▶ **DATA**:
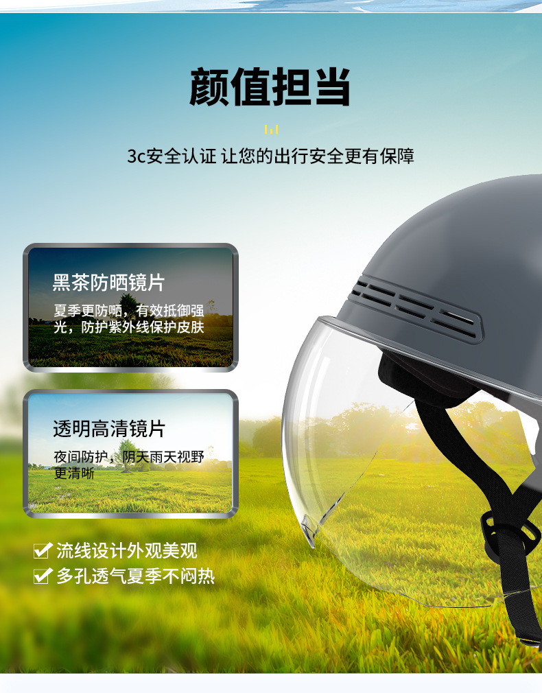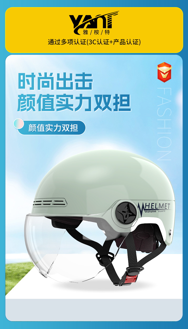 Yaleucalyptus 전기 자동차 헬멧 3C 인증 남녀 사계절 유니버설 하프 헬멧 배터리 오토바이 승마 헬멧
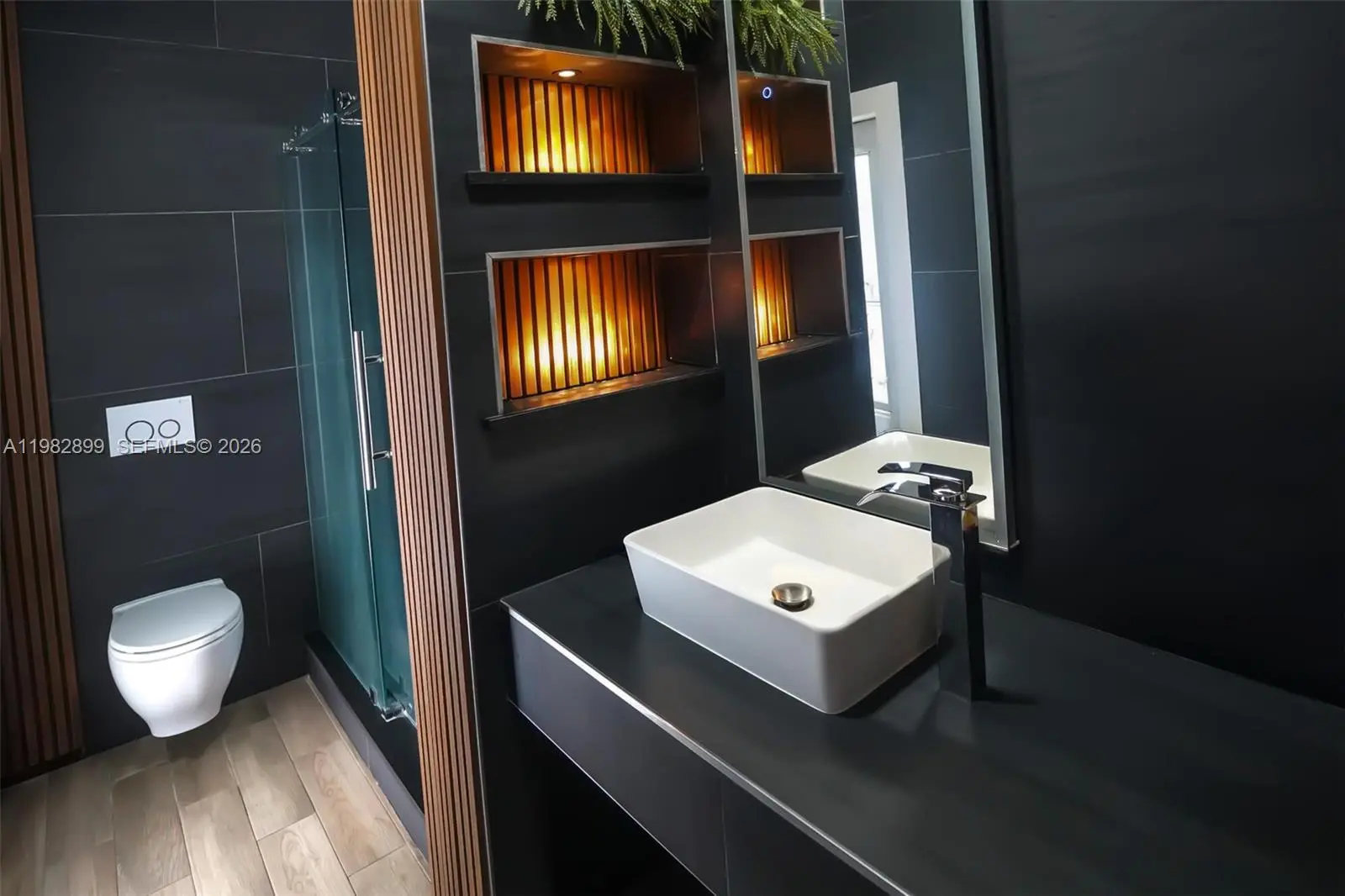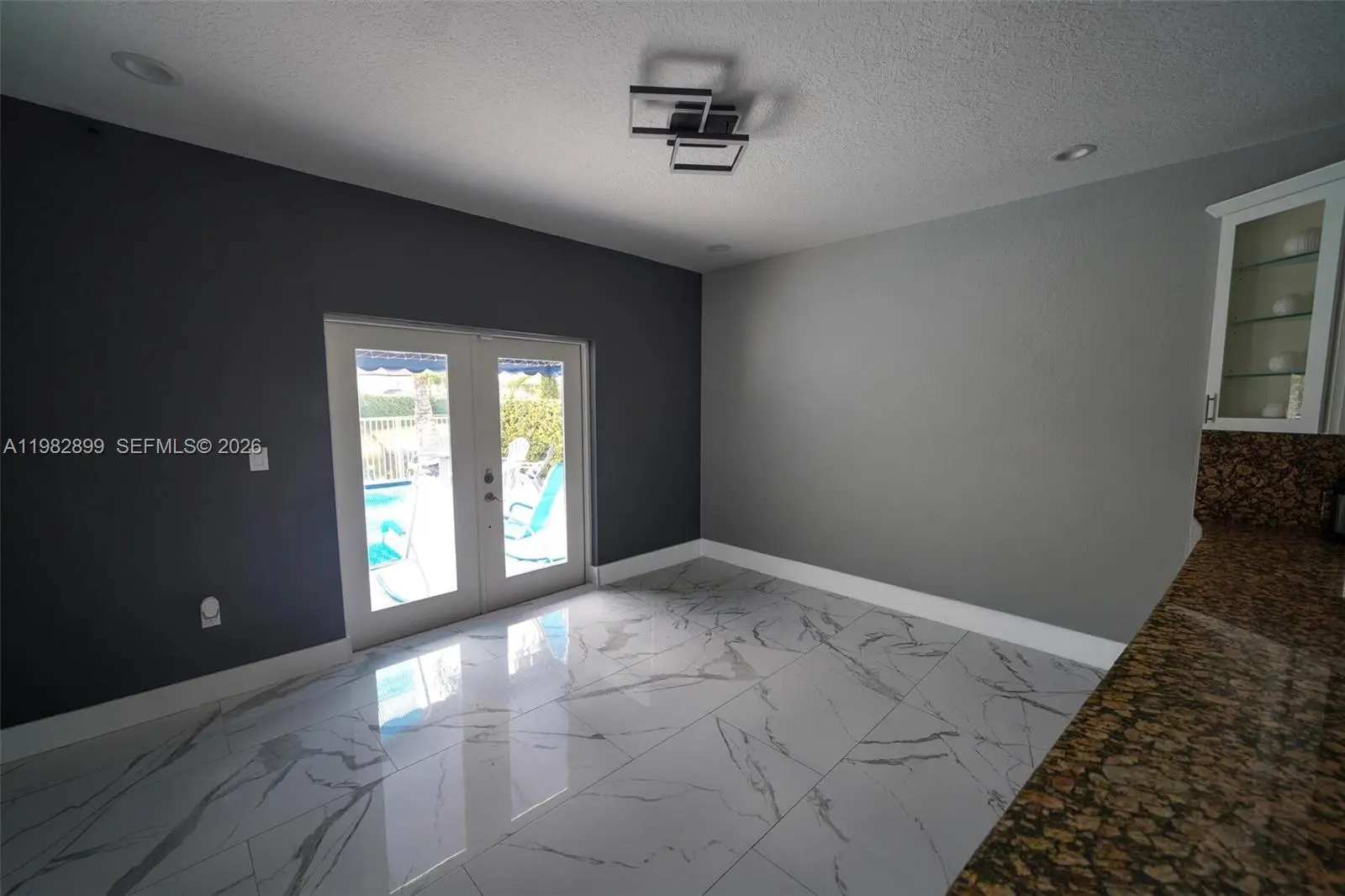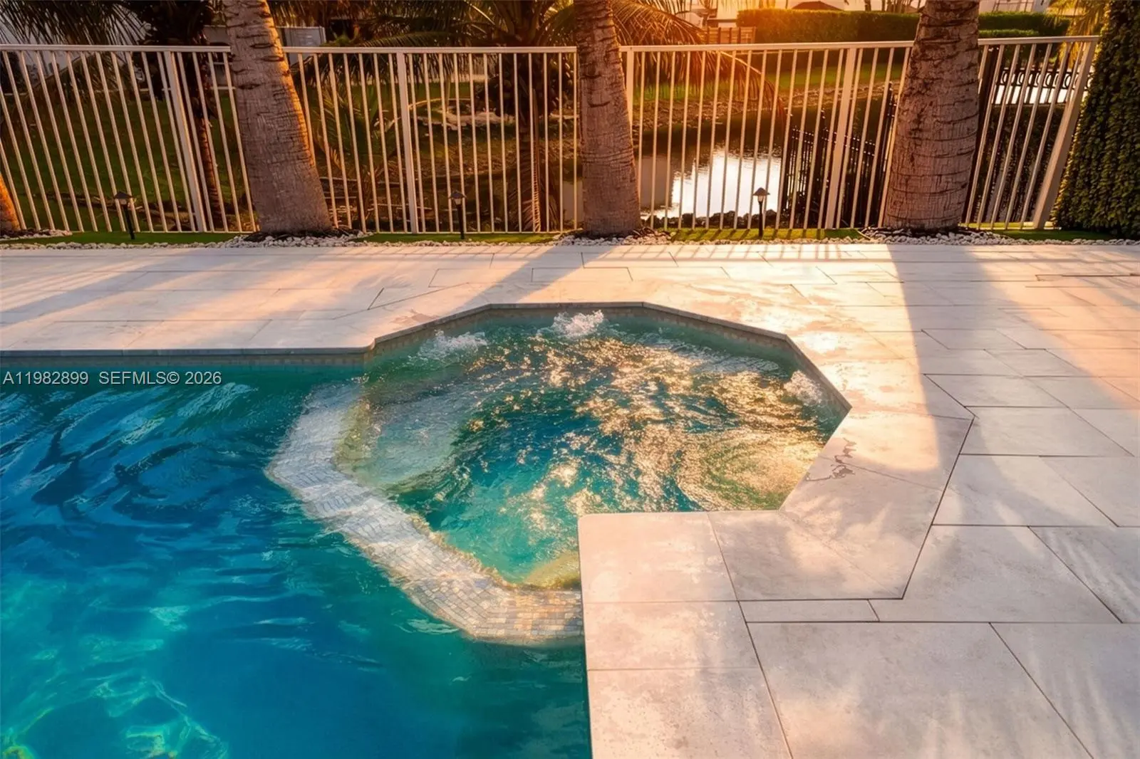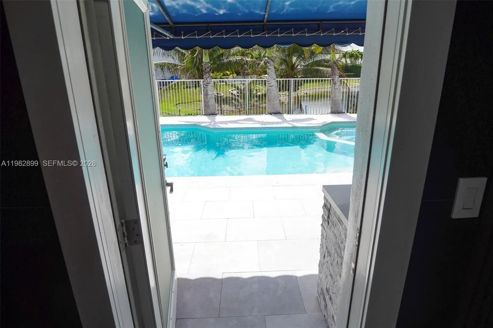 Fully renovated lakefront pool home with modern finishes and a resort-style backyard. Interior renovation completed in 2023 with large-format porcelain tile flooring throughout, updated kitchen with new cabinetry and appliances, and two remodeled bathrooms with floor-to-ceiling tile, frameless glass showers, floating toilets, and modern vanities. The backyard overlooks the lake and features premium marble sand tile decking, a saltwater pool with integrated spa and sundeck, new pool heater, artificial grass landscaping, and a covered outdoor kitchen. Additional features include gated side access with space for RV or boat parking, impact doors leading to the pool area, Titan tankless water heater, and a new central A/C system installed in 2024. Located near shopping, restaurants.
---
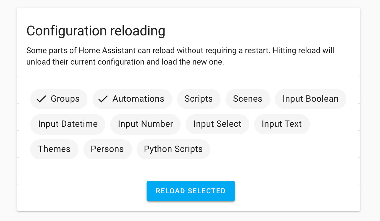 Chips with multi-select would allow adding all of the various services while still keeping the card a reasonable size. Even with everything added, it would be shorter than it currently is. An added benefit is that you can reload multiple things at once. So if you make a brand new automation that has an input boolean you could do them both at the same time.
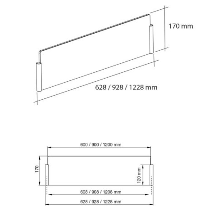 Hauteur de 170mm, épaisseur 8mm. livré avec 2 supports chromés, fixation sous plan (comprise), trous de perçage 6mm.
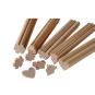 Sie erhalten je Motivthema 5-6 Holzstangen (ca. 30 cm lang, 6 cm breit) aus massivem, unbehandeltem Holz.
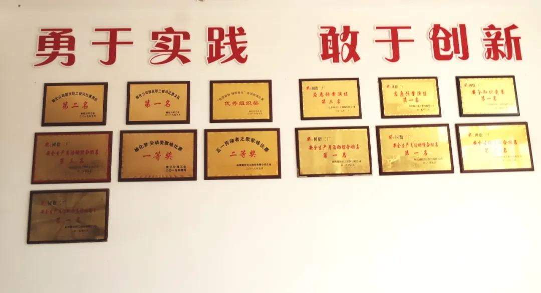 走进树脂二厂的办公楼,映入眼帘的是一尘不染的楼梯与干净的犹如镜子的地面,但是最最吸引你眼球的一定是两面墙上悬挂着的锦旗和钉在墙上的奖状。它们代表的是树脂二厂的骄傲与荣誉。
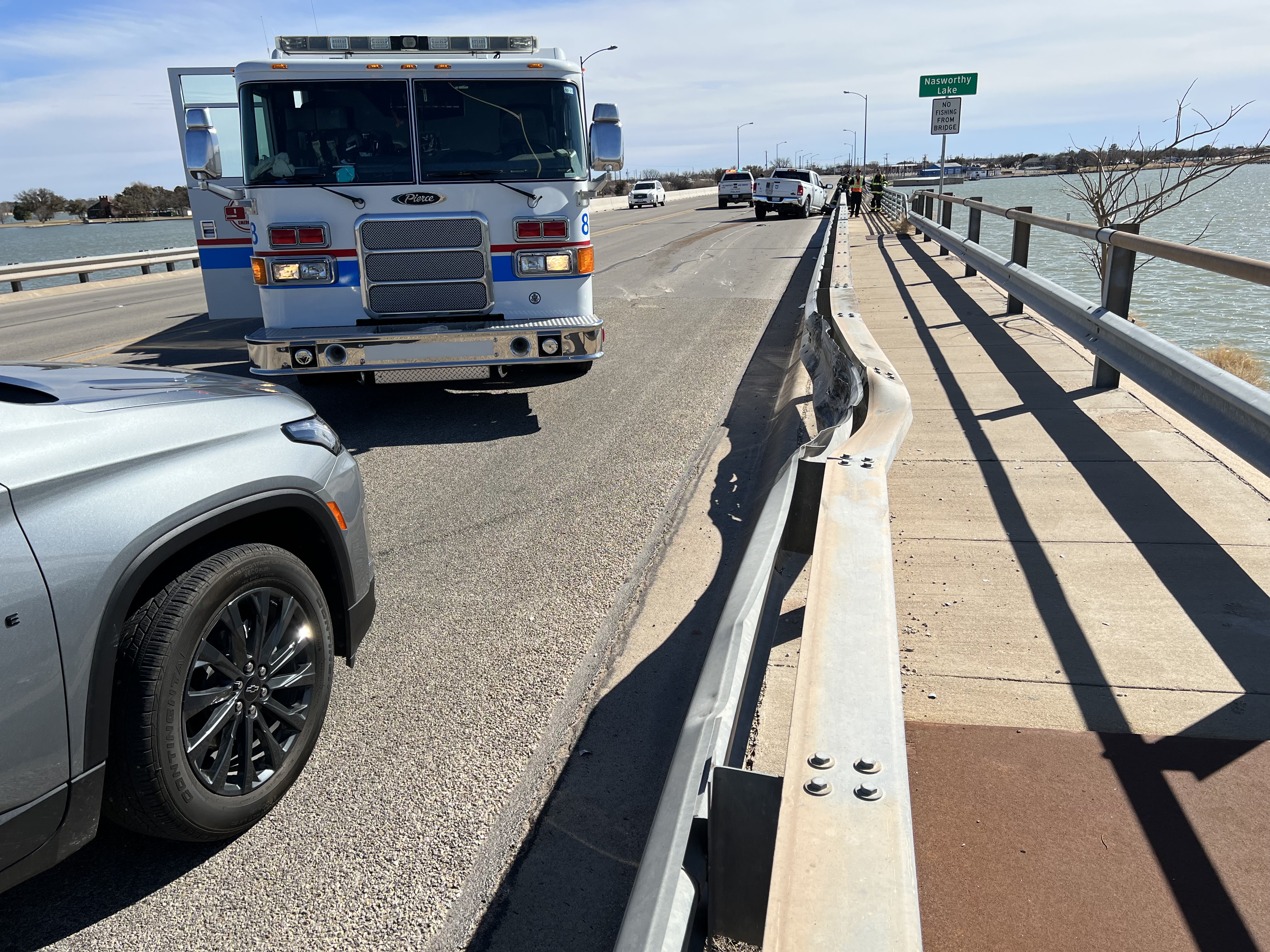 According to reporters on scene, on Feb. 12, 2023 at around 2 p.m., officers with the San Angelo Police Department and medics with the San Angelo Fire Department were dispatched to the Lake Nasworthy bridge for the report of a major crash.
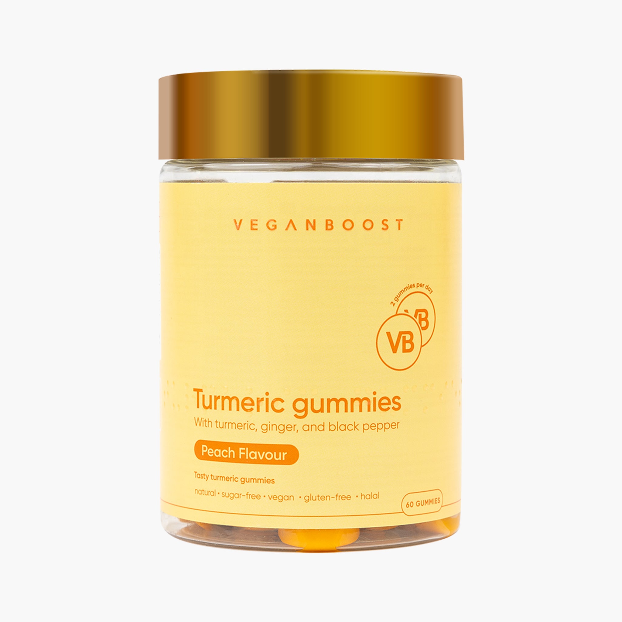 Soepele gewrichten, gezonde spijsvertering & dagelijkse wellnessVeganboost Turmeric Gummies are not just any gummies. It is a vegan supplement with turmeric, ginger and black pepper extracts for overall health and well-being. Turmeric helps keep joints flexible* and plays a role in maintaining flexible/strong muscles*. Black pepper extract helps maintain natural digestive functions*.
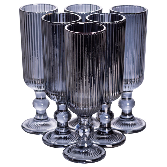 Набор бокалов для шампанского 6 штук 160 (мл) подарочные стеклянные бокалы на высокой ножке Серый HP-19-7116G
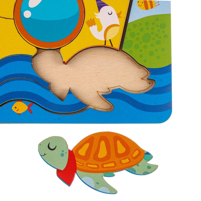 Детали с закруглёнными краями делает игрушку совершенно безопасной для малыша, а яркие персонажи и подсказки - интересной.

▶ **WORK TASK**:
Find where the line with "Hauteur de 170mm, épaisseur" sits in the material above and where the line with "Sie erhalten je" sits. Set down exactly the lines from the first to the second, both included and nothing else, without pictures.

▶ **EXERCISE RESPONSE**:
 Hauteur de 170mm, épaisseur 8mm. livré avec 2 supports chromés, fixation sous plan (comprise), trous de perçage 6mm.
 Sie erhalten je Motivthema 5-6 Holzstangen (ca. 30 cm lang, 6 cm breit) aus massivem, unbehandeltem Holz.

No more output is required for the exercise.